“Io e la mia famiglia vorremmo ringraziare tutti voi per il supporto! Grazie per ogni messaggio, per la preoccupazione e per tutto il vostro affetto”, il pensiero rivolto dall’ex terzino brasiliano di Roma e Milan a quanti hanno espresso sostegno e vicinanza. Marcos Cafu scrive su Instagram dopo la scomparsa del figlio Danilo, morto a soli 30 anni a causa di un malore mentre giocava a calcio. “Sto leggendo tutti i messaggi, ma sfortunatamente non sarò in grado di rispondere a tutti! Ma il vostro sostegno fa la differenza nel mio recupero e di tutta la mia famiglia. Che tutti possano continuare a pregare per noi.

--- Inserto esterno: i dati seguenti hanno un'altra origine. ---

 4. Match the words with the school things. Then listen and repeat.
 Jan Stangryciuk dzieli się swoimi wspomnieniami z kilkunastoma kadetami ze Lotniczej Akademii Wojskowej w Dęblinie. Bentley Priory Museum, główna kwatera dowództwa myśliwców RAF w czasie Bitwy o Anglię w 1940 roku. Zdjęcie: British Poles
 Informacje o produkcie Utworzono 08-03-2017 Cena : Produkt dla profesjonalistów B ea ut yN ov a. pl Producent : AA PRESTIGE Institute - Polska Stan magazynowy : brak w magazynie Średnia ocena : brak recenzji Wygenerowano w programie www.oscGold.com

Il vostro sostegno ci rafforza”, ha aggiunto.

“L’ho visto crescere…non è possibile!!! Ti sono vicino amico mio con tutto il cuore. Riposa in pace Danilo”. Così si è espresso Francesco Totti per essere vicino al grande amico.

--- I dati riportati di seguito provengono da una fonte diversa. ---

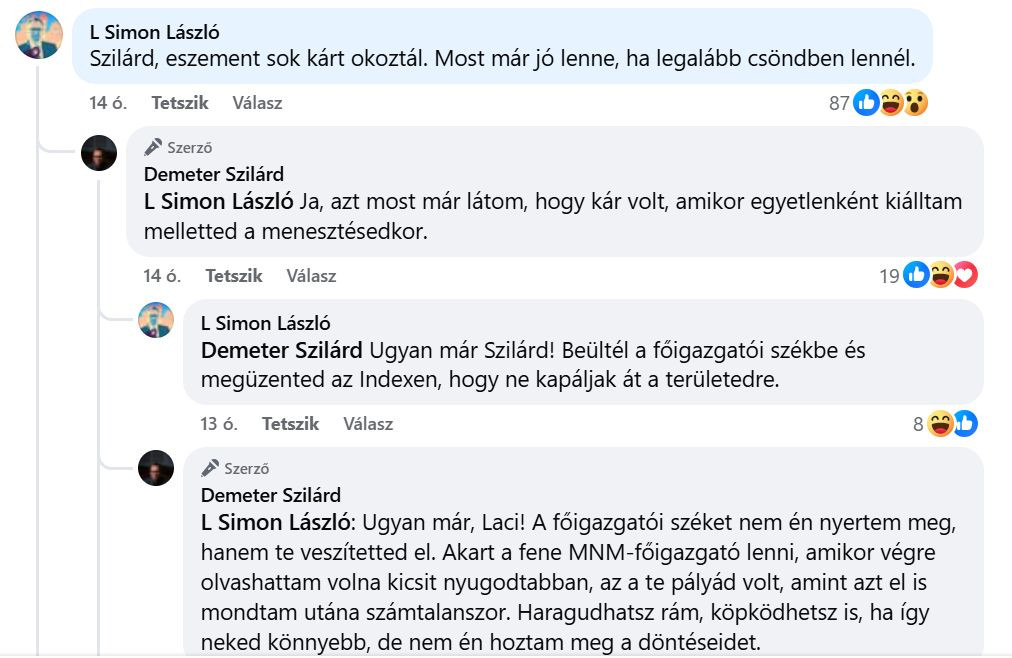 Ez alá a poszt alá érkezett meg L. Simon László, szintén író, akit Demeter váltott a Nemzeti Múzeum élén

Anche Gabriel Batistuta ha dedicato un post al ragazzo e alla sua famiglia: “Sono vicino a Cafu e alla sua famiglia in questo momento difficile. Danilo riposi in pace”.

Il ct della Nazionale azzurra, Roberto Mancini, ha twittato: “Non ci sono parole che possano alleviare il tuo dolore. Un grande abbraccio, ti sono vicino! Cafu”

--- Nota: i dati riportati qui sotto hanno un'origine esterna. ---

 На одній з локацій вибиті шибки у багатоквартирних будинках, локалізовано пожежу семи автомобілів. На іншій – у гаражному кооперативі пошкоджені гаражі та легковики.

Il giocatore è rimasto uno dei giocatori più rappresentativi del suo Paese, per il suo impegno civile oltre che per il suo indubbio talento calcistico. È l’unico giocatore al mondo ad aver disputato tre finali consecutive dei Mondiali e detiene tuttora il record di presenze nella Seleção (142 in partite ufficiali).

Mentre ancora giocava in Italia, il giocatore ha dato vita alla Fondazione Cafu con sede nella sua comunità povera delle origini, dove centinaia di bambini e ragazzi hanno frequentato corsi di educazione civica e sportiva in una regione di San Paolo dominata dalla violenza e dal narcotraffico. Insomma un destino che neanche è arrivato in punta di piedi visto che già quattro anni fa Danilo aveva avuto un infarto. Un momento evidentemente preannunciato, sicuramente triste per un padre ed una madre che vedono andar via il proprio figlio trentenne. La certezza è che Danilo ora è in un posto migliore.